TASK DIRECTIONS: Starting with the line that has "Short positions below" and finishing with the line that has "AUTOBUS UDERZYŁ W BUDYNEK", set down each line below exactly. Pictures are not copied.

SOURCE INFORMATION:
══════

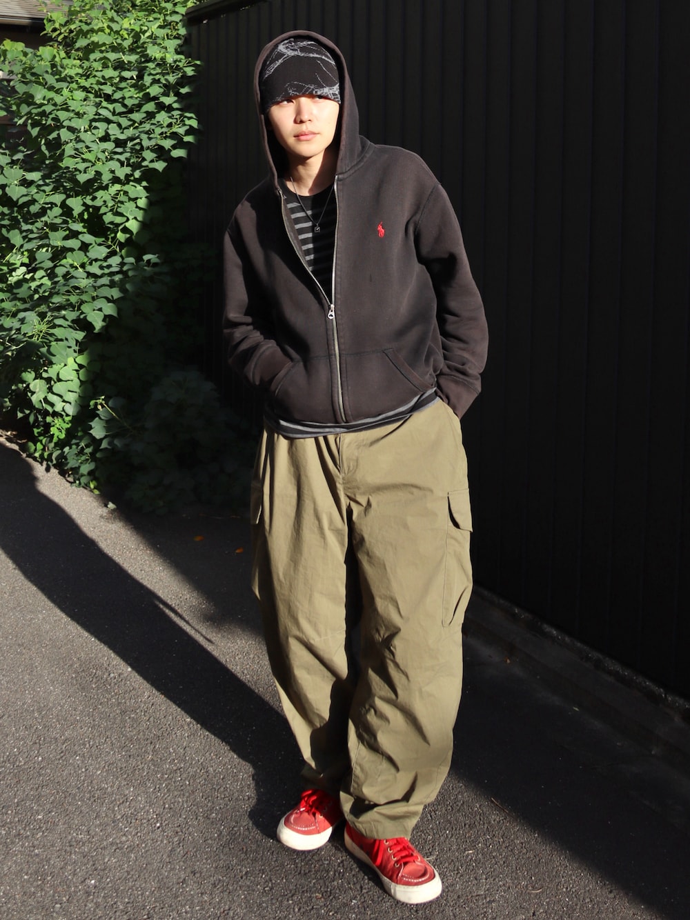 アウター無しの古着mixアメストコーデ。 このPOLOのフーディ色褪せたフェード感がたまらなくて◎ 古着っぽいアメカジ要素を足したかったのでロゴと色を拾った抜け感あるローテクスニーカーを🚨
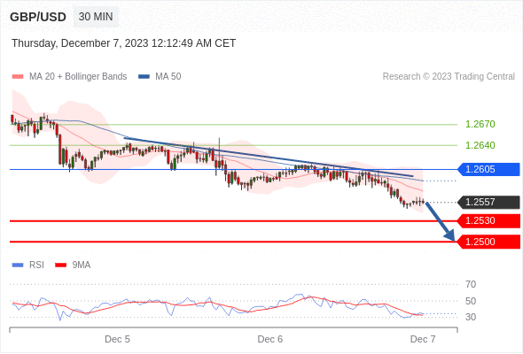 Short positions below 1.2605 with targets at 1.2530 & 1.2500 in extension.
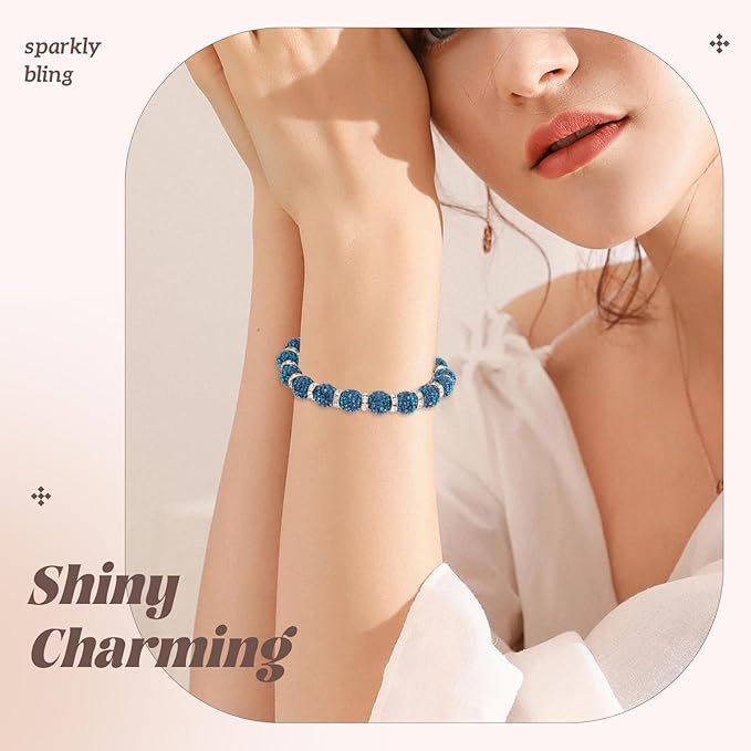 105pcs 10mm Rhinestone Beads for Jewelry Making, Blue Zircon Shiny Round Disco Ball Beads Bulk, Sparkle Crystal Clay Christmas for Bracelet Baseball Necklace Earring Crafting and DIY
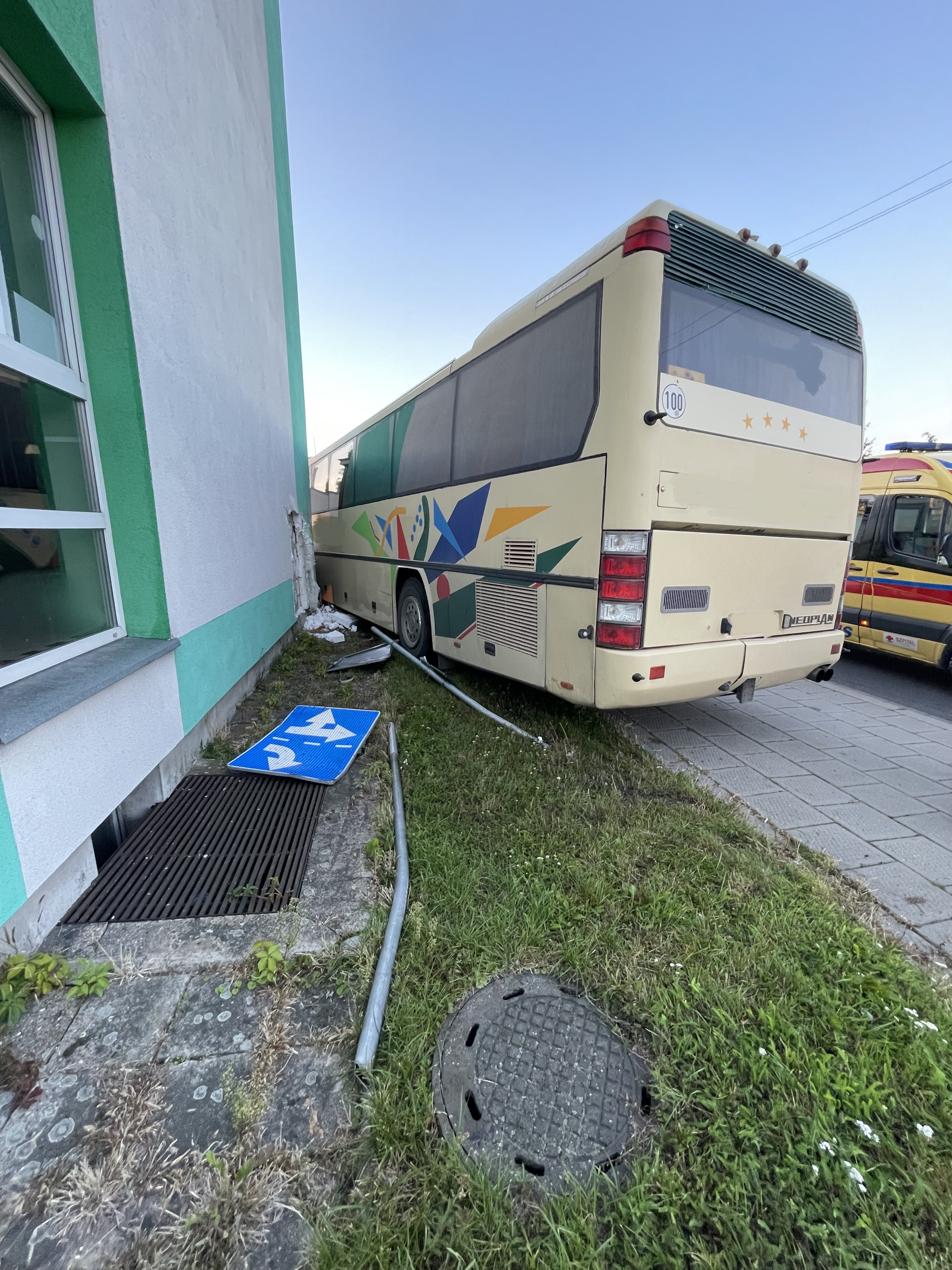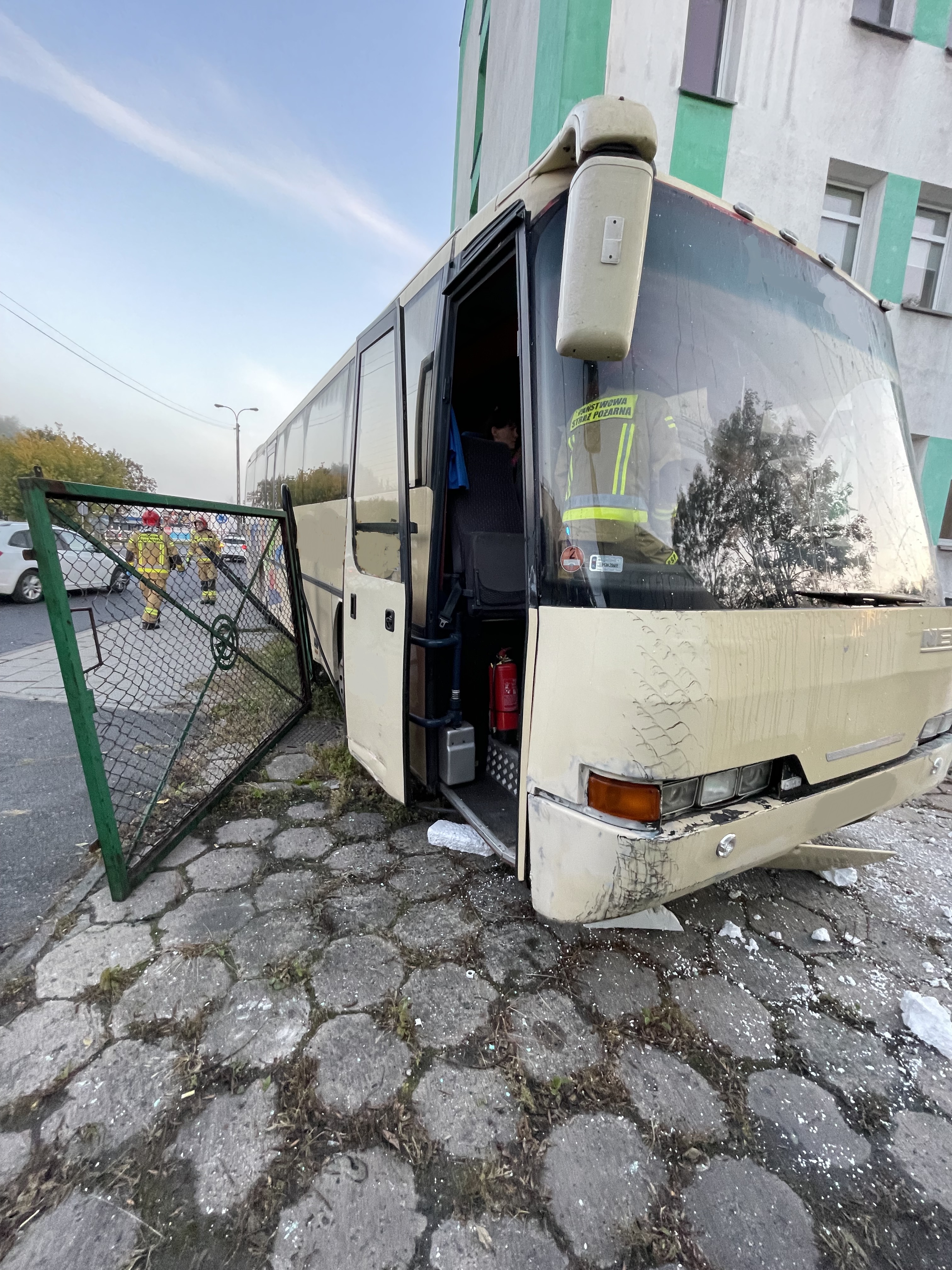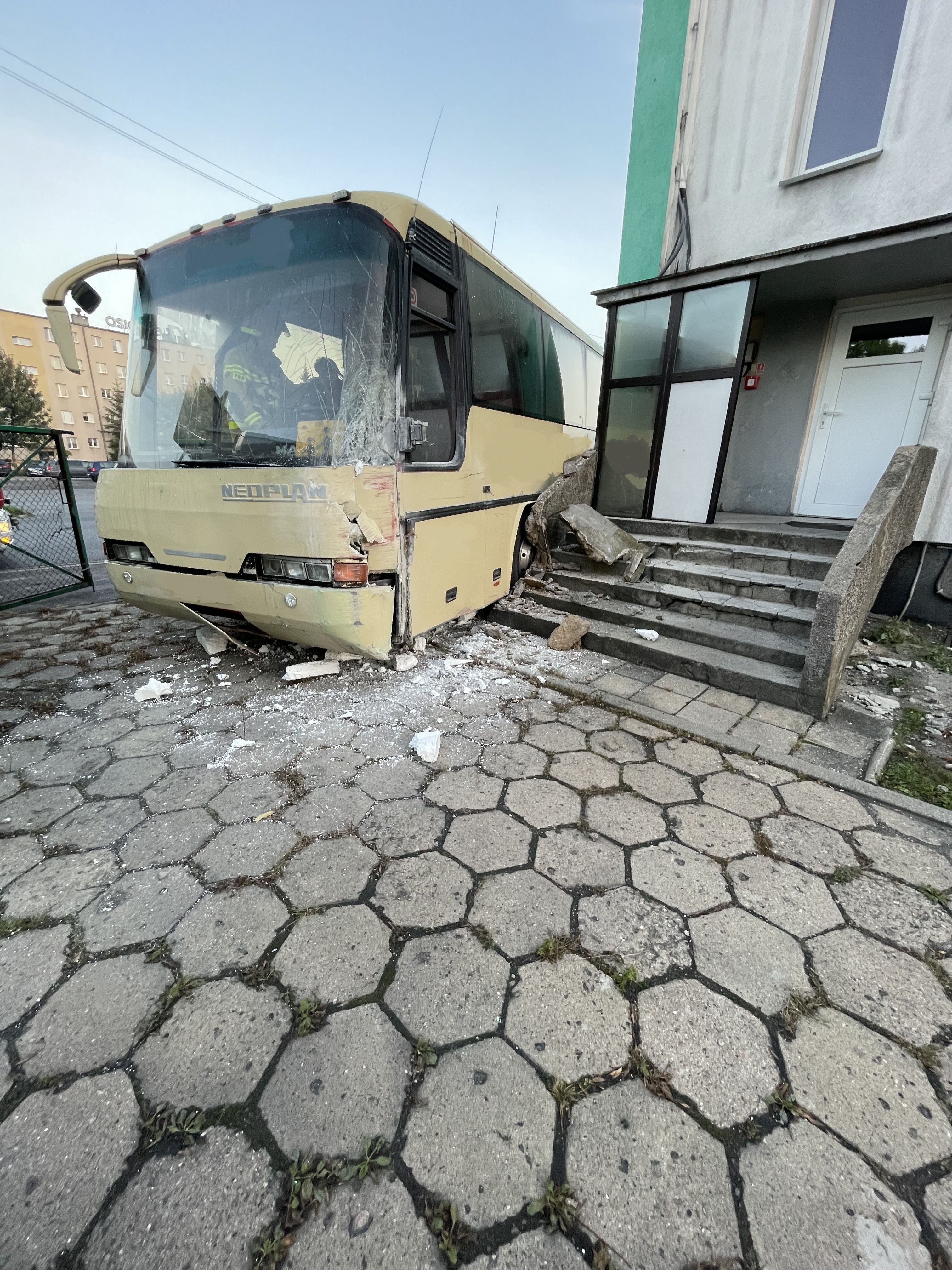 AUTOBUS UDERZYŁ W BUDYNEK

══════

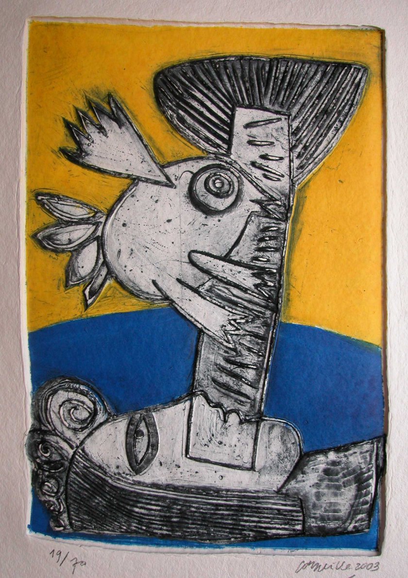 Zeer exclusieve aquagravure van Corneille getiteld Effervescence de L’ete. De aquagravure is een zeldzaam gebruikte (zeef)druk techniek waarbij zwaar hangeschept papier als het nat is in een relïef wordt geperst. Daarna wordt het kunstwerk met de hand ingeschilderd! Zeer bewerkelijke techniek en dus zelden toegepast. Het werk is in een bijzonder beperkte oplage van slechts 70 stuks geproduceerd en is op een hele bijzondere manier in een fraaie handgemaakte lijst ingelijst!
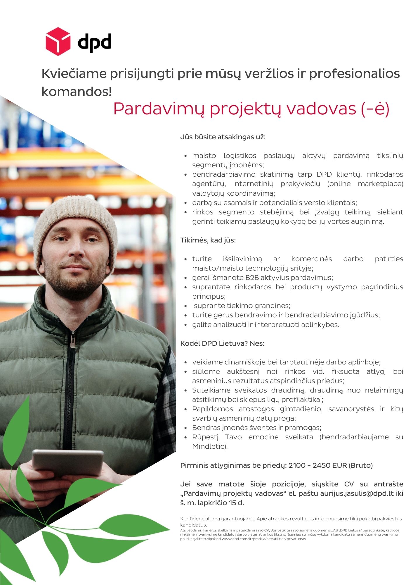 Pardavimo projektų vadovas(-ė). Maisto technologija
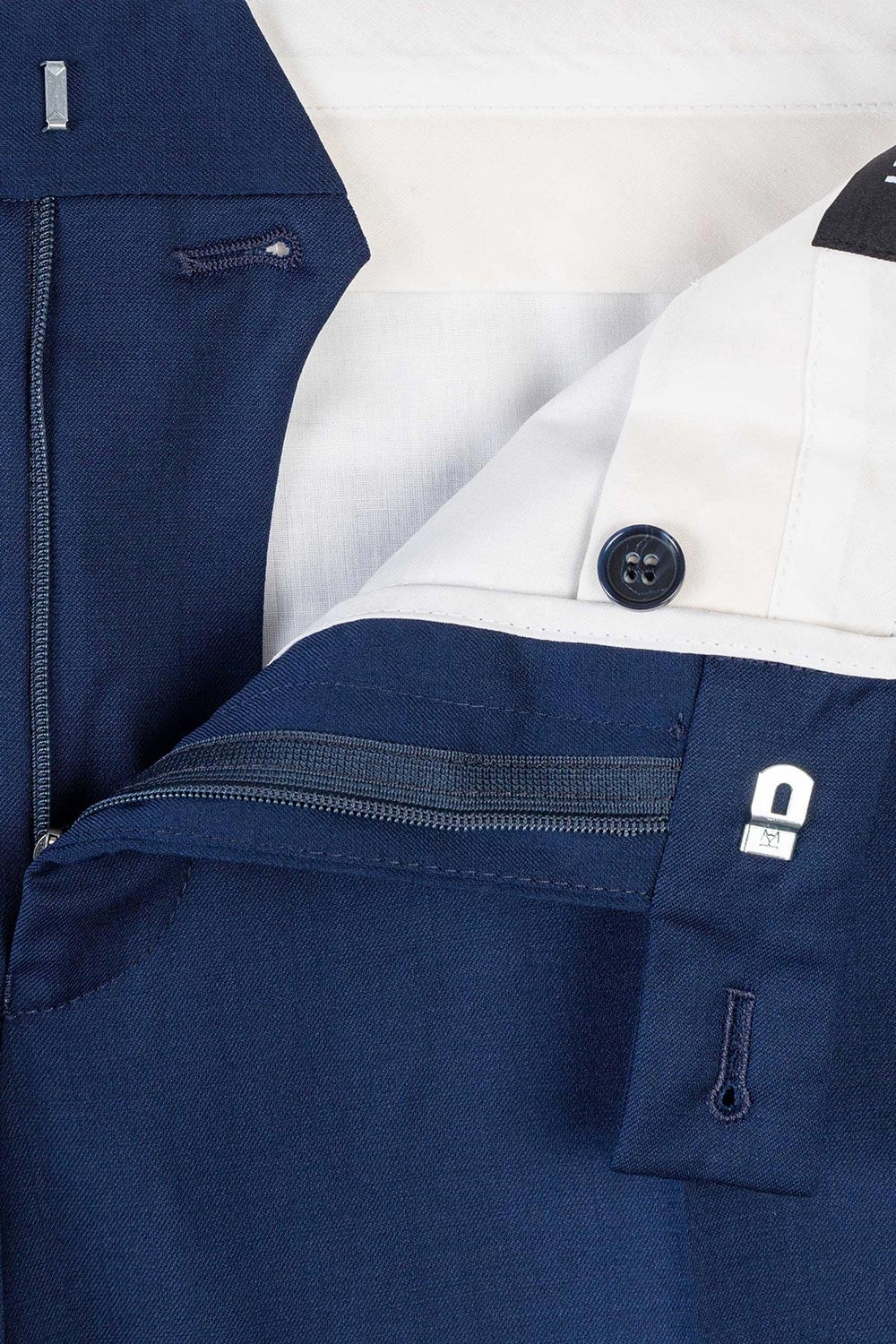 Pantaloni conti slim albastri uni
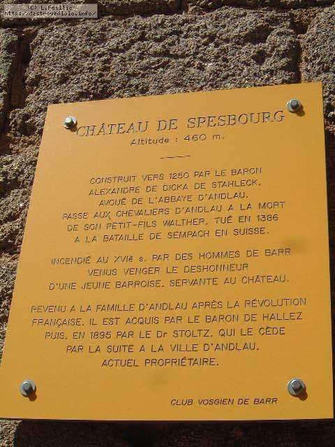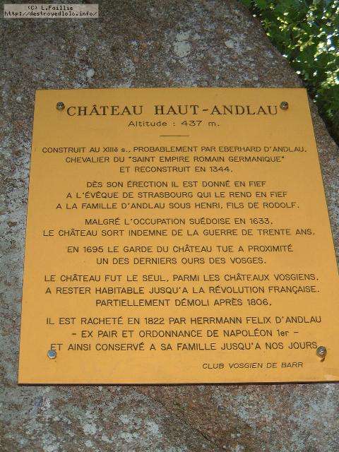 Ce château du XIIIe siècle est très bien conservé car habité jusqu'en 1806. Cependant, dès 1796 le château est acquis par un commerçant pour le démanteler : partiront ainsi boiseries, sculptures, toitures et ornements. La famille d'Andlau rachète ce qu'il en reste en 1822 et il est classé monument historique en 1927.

══════

ANSWER SECTION:
 Short positions below 1.2605 with targets at 1.2530 & 1.2500 in extension.
 105pcs 10mm Rhinestone Beads for Jewelry Making, Blue Zircon Shiny Round Disco Ball Beads Bulk, Sparkle Crystal Clay Christmas for Bracelet Baseball Necklace Earring Crafting and DIY
 AUTOBUS UDERZYŁ W BUDYNEK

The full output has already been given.